Tiga bulan mendekam di balik jeruji Lembaga Pemasyarakatan Wanita Tangerang ini, Ayin merasa tak betah karena panas. Menurut Arti, Ayin sudah mengajukan permohonan tertulis kepadanya agar dipindahkan ke daerah berhawa sejuk. ”Pilihannya lembaga pemasyarakatan di Malang atau di Bandung. Katanya pingin yang berhawa sejuk,” ujar Arti.
Sidang itu digelar di ruang sidang Ketua Muda Pidana Khusus Djoko Sarwoko di lantai tiga gedung Mahkamah Agung.
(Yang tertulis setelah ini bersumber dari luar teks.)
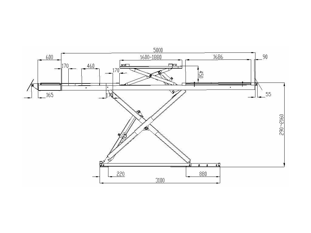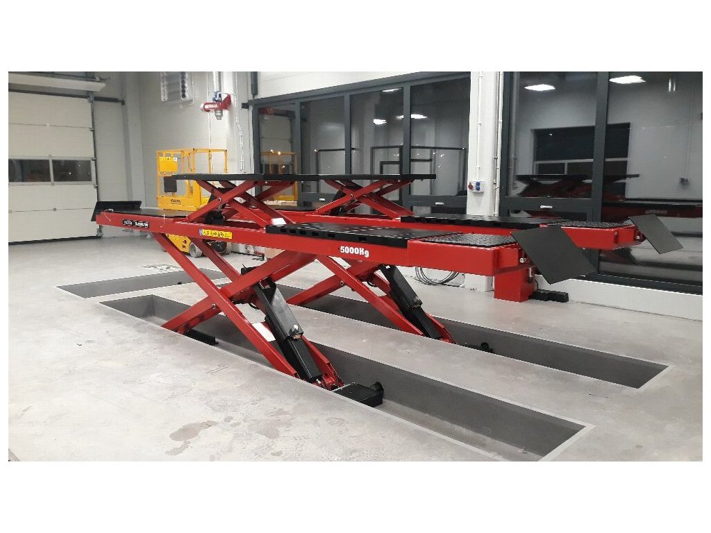 Lifting capacity 5 000 kg Lifting capacity of sill lifting jack 4 000 kg Lifting height (on the sill) 2 160(430) mm Minimum height 290 mm Platform length 5 000 + 607 mm Length of sill l00 0 mm Platform width 607 mm Scissors spacing 984 mm Lifting time 70 s Electric power supply 400V/50 Hz Power 3,5 kW
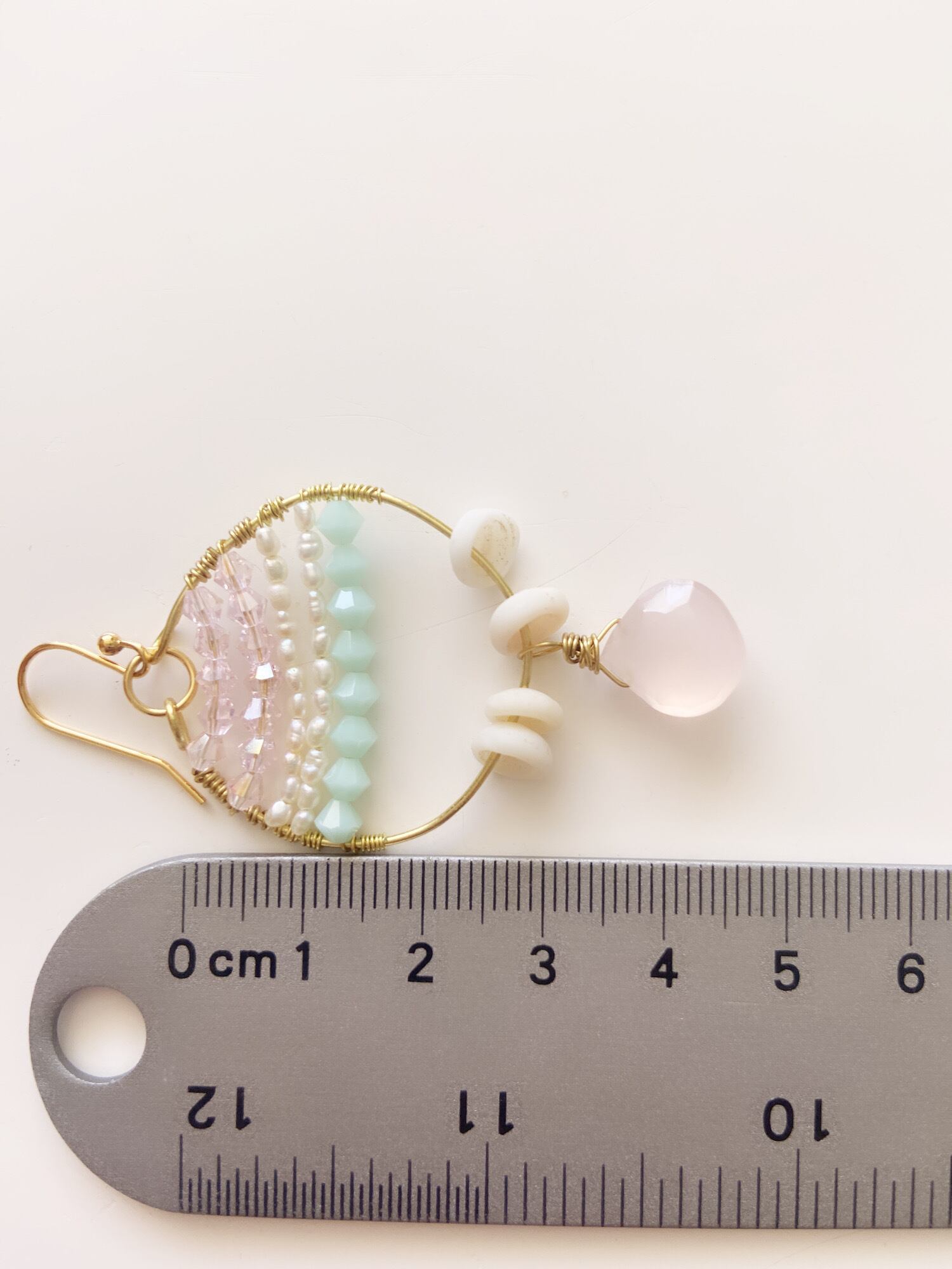ピンクカルセドニーとプカシェル、フレッシュウォーターパールにクリスタルビーズを使っています。
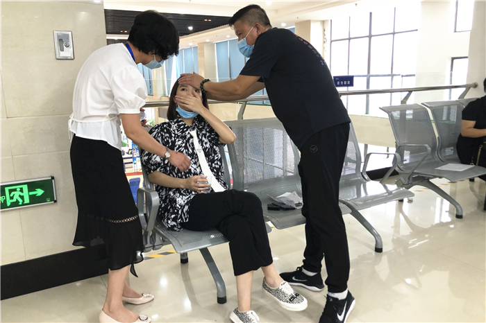 10月8日上午11点左右,就在各项工作都如预期一样有条不紊开展的时候,体检人员在检测视力时,发现一位姑娘面色苍白、颤颤巍巍,她立刻起身帮扶,询问对方是否不适。
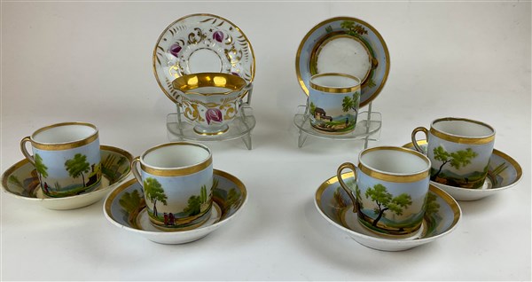 Manifattura del secolo XIX. Lotto composto da cinque tazze con piattino in porcellana decorata a paesaggi continui con profili in oro e una tazza con piatto con decoro floreale in porpora e oro (difetti e restauri)
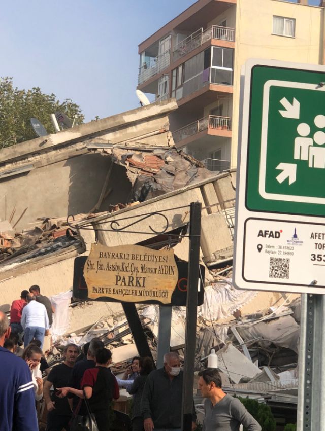 Οι φωτογραφίες που δημοσιεύουμε (πάνω) είναι από τη Σμύρνη, όπου έχουν καταρρεύσει κτίρια.
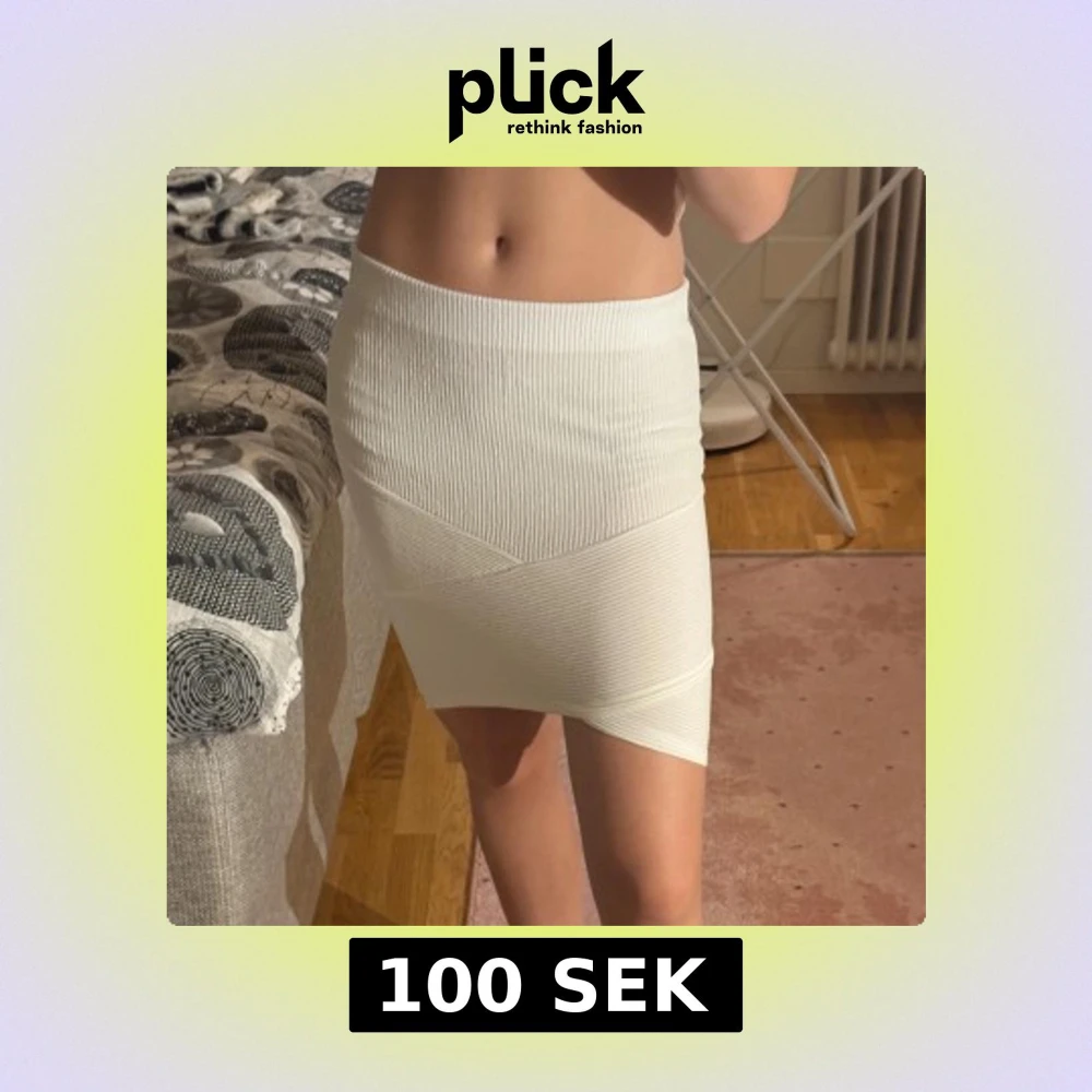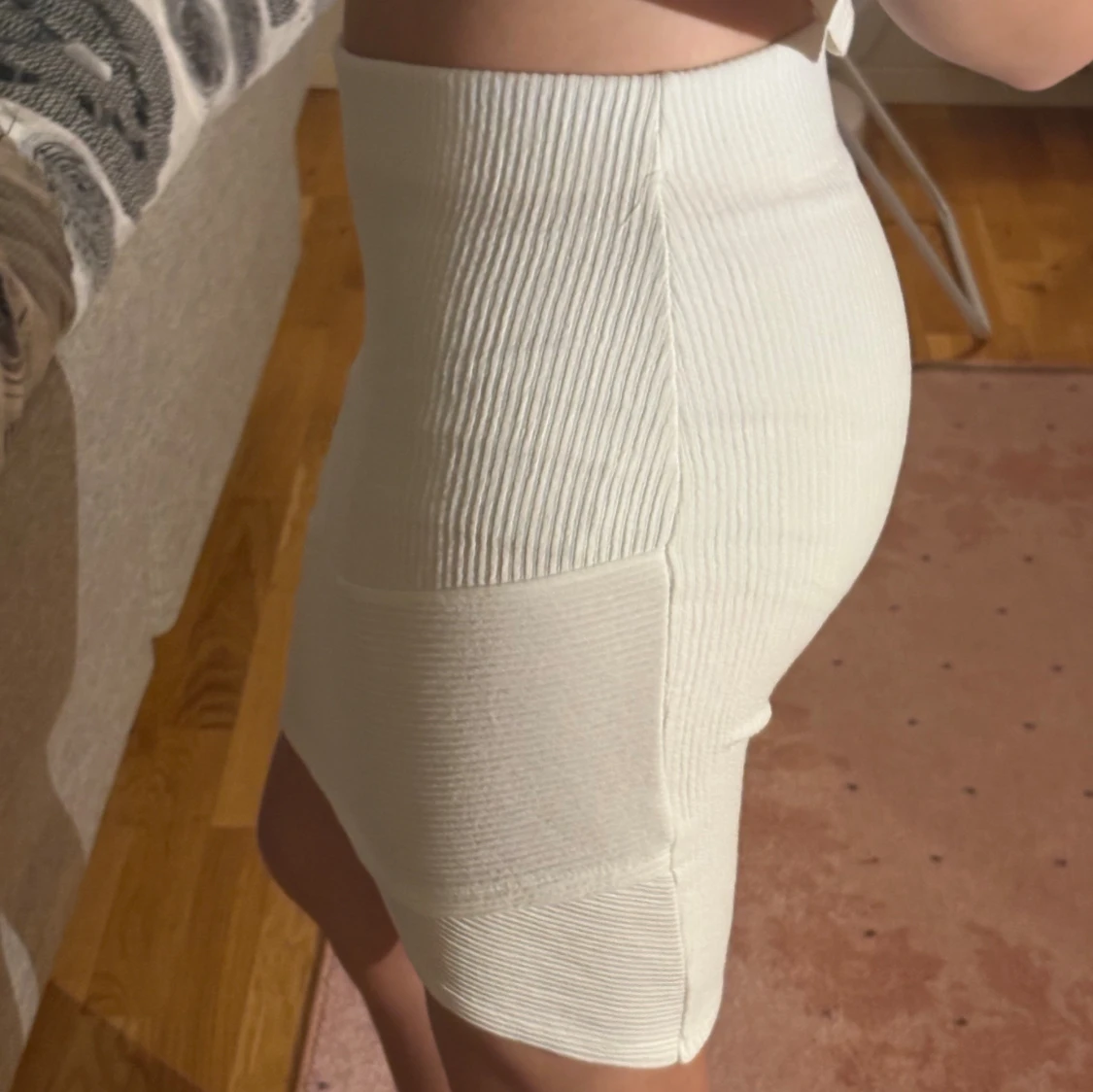 Säljer en vit ribbad kortkjol med tight passform och hög midja. Kjolen är stretchig och har en snygg struktur med olika riktningar på ribborna som ger en cool look. Perfekt att styla med crop top eller oversized hoodie. Dessutom i jättefint skick!
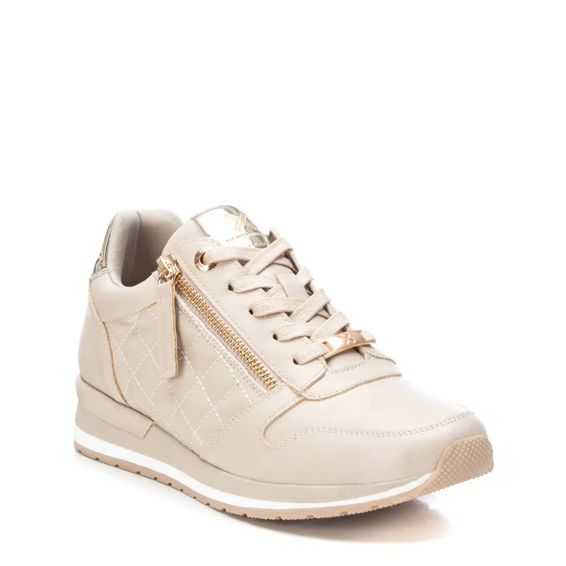 Zapatilla de mujer de la marca Xti. Fabricado en un material que imita la piel. Cierre mediante cremallera y cordones ajustables. Detalles acolchados y metalizados. Suela gruesa antideslizante. Con plantilla extraíble. Este modelo ha obtenido el certificado vegano por la organización mundial PETA (Organización de los derechos de los animales).
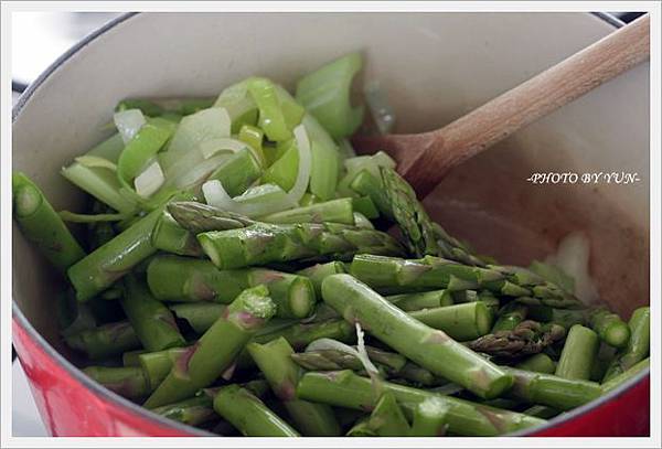 步驟三:加入蘆筍及高湯(雞湯塊或蔬菜湯塊均可),高湯約淹過食材1公分高。蓋鍋,小火煮約20分鐘或至食材熟軟。
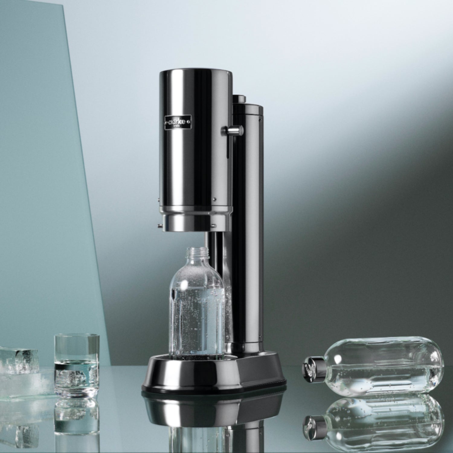 A sparkling water maker in a contemporary design, with a smooth one-handed operation. It’s made of stainless steel and comes with a dishwasher safe glass bottle.
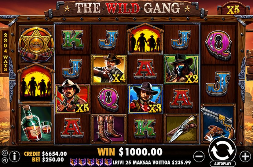 Don your cowboy boots and saddle up for a Western adventure with The Wild Gang. This Slot presents a unique reel formation, with symbols including blades, bottles, and sheriff badges appearing on the grid.
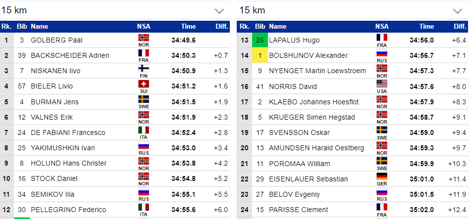 15 километров пройдено, Голберг лидирует, далее Бакшайдер, Нисканен, Биелер и Бурман.
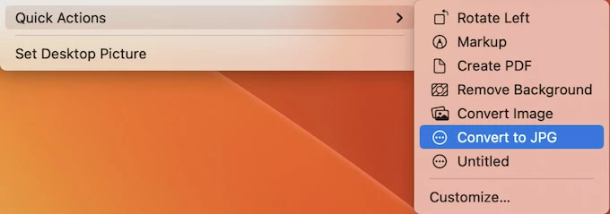 5. Now it's time to check if you can convert from HEIC to JPG on your Mac! Open the Finder app and right-click on the HEIC picture, search for Quick Actions and select Convert to JPG. There will be a JPG copy in the gallery.
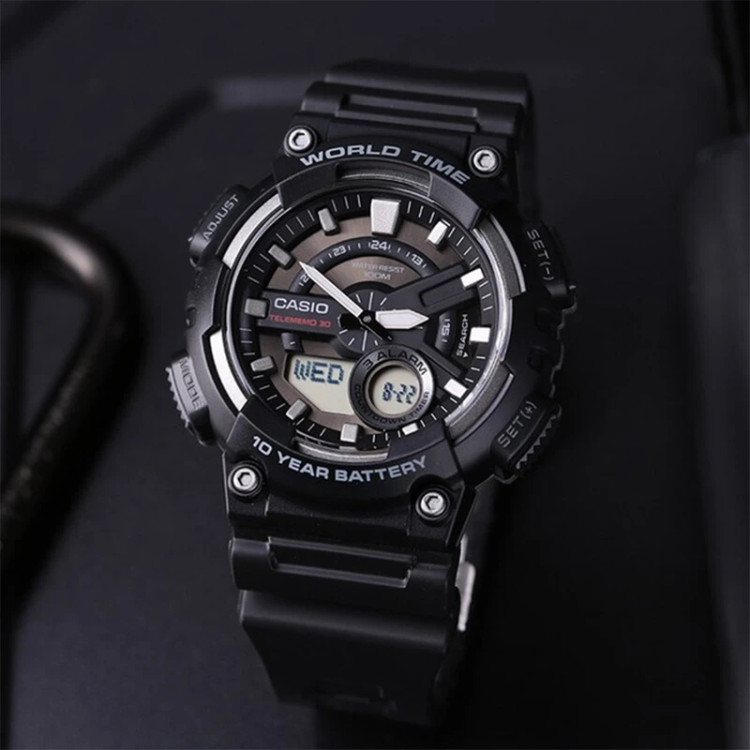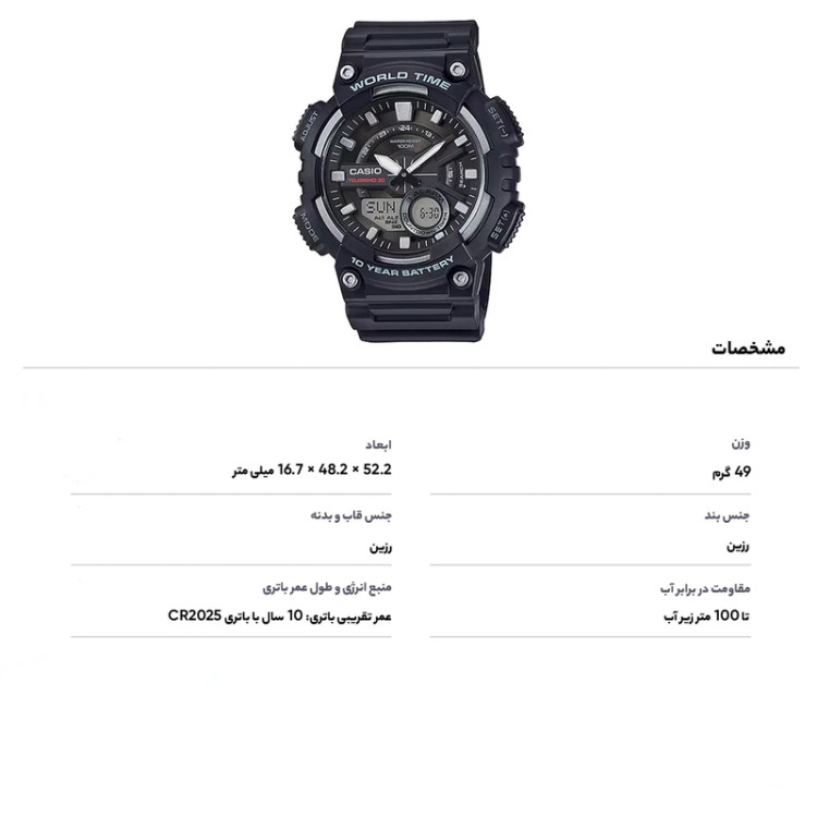 ظرفیت حافظه: حداکثر 30 مجموعه داده، با نام 8 کاراکتری و شماره تلفن 16 رقمی ساعت مچی اسپرت کاسیو مدل CASIO AEQ-110W-1A این ساعت دیجیتال با باتری ۱۰ ساله و مقاومت در برابر آب تا ۱۰۰ متر، انتخابی عالی برای استفاده روزمره است. دارای قابلیتهای مهمی همچون نمایش زمان جهانی، زمانسنج ۱/۱۰۰ ثانیه، Telememo 30، و آلارمها است که به آن کاربردی بودن و دوام بالایی میدهد. |
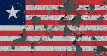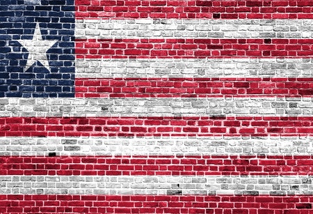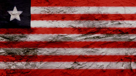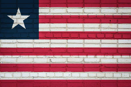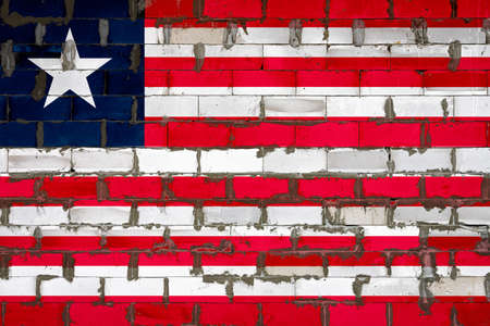 National flag of Liberia depicting in paint colors on an old brick wall. Flag banner on brick wall background.
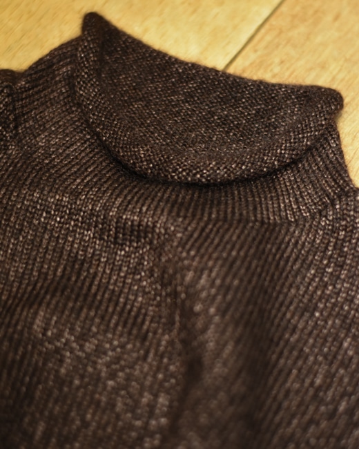あらかじめ折り返した仕様で編み込まれたネック部分が特徴で
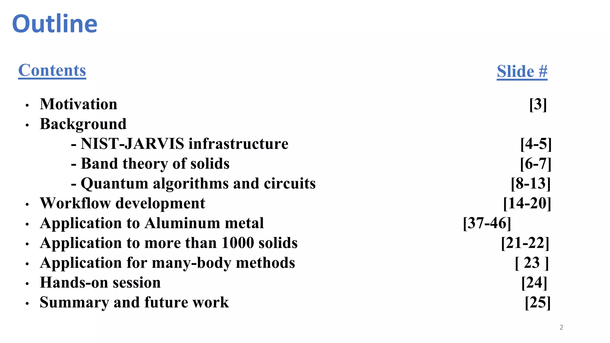 This document outlines a workflow for using quantum computing to simulate electron and phonon properties of solids. It discusses the motivation for using quantum bits to simulate quantum systems more easily. It provides background on band theory of solids, quantum algorithms like VQE and circuit models. The workflow is then applied to calculate properties of aluminum metal and over 1000 other materials using classical and quantum solvers. Future opportunities and challenges are also discussed.
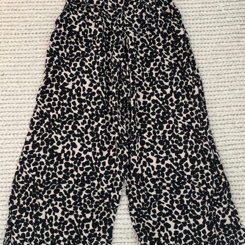 Leopardi kuvioiset farkut koko 34. Housujen mittoja; vyötärö 34cm, lantio 42cm, sivupituus 95cm, sisäpituus 75cm, lahkeen leveys 23,5-12.5cm, haarakorkeus etu 19 ja taka 31cm.
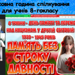 8 травня Україна відзначає День пам’яті та перемоги, вшановуючи загиблих у Другій світовій війні 1939–1945 років. У цей день Україна традиційно вшановує їх, висловлює повагу та вдячність усім борцям із нацизмом, увічнює пам’ять про загиблих воїнів і жертв найкривавішої і найжорстокішої в історії людства війни. З вихованцями санаторної школи № 11 проведені виховні години, інформаційні хвилини, години спілкування та виготовлення червоних маків

Dimulai pukul 10 pagi dan baru berakhir lepas tengah hari, sidang bersifat tertutup, hanya dihadiri lima hakim agung dan satu panitera.
Setelah pembahasan dissenting opinion oleh Krisna Harahap selesai, sidang memasuki tahap menentukan besarnya hukuman yang pantas diterima Ayin. Satu hakim berpendapat hukuman terhadap Ayin tak perlu dikurangi. Sedangkan tiga hakim lain merasa hukuman perlu dikurangi. Besarnya bervariasi. Bahkan seorang sumber Tempo menyebutkan satu hakim mengusulkan pengurangan hingga lebih dari satu tahun. Mengenai hal ini, Hatta menolak memberikan komentar. ”Intinya kesepakatan bersama dikurangi enam bulan,” kata Hatta, yang juga juru bicara Mahkamah Agung.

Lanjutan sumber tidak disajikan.